__Exercise data__:
-*-*-

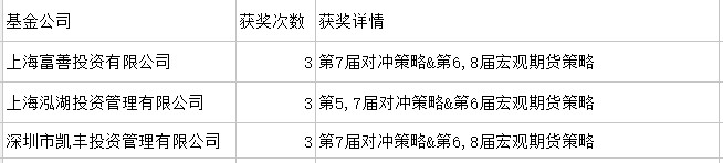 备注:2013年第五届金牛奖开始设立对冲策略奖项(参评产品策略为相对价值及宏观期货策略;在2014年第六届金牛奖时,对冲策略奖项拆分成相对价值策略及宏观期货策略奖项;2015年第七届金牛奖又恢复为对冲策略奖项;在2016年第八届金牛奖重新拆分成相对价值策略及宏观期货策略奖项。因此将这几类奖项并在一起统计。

-*-*-

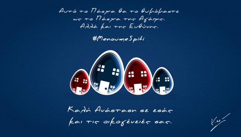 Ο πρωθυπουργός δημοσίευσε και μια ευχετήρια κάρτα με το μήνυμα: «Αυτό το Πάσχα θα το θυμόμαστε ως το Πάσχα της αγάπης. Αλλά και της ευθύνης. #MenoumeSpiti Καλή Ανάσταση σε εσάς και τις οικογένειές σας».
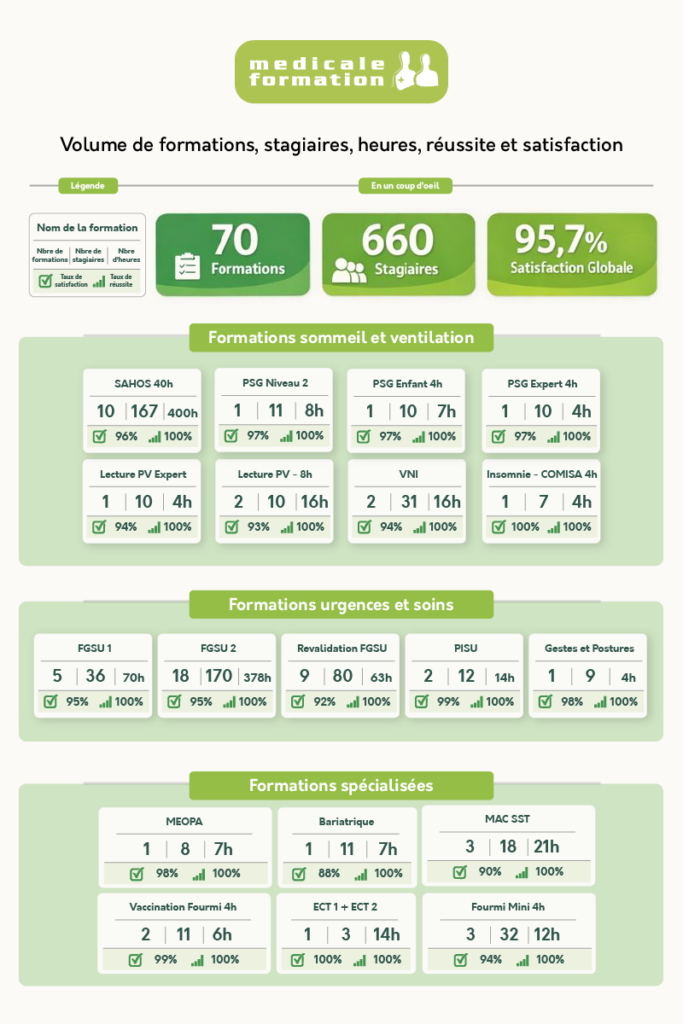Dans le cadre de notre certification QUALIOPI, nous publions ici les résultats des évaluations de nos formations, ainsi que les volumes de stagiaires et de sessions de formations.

-*-*-

__Brief__: Pictures in the material above should be skipped; print exactly the lines from the one with "Ο πρωθυπουργός δημοσίευσε" through the one with "Dans le cadre".

__The completed task__:
 Ο πρωθυπουργός δημοσίευσε και μια ευχετήρια κάρτα με το μήνυμα: «Αυτό το Πάσχα θα το θυμόμαστε ως το Πάσχα της αγάπης. Αλλά και της ευθύνης. #MenoumeSpiti Καλή Ανάσταση σε εσάς και τις οικογένειές σας».
Dans le cadre de notre certification QUALIOPI, nous publions ici les résultats des évaluations de nos formations, ainsi que les volumes de stagiaires et de sessions de formations.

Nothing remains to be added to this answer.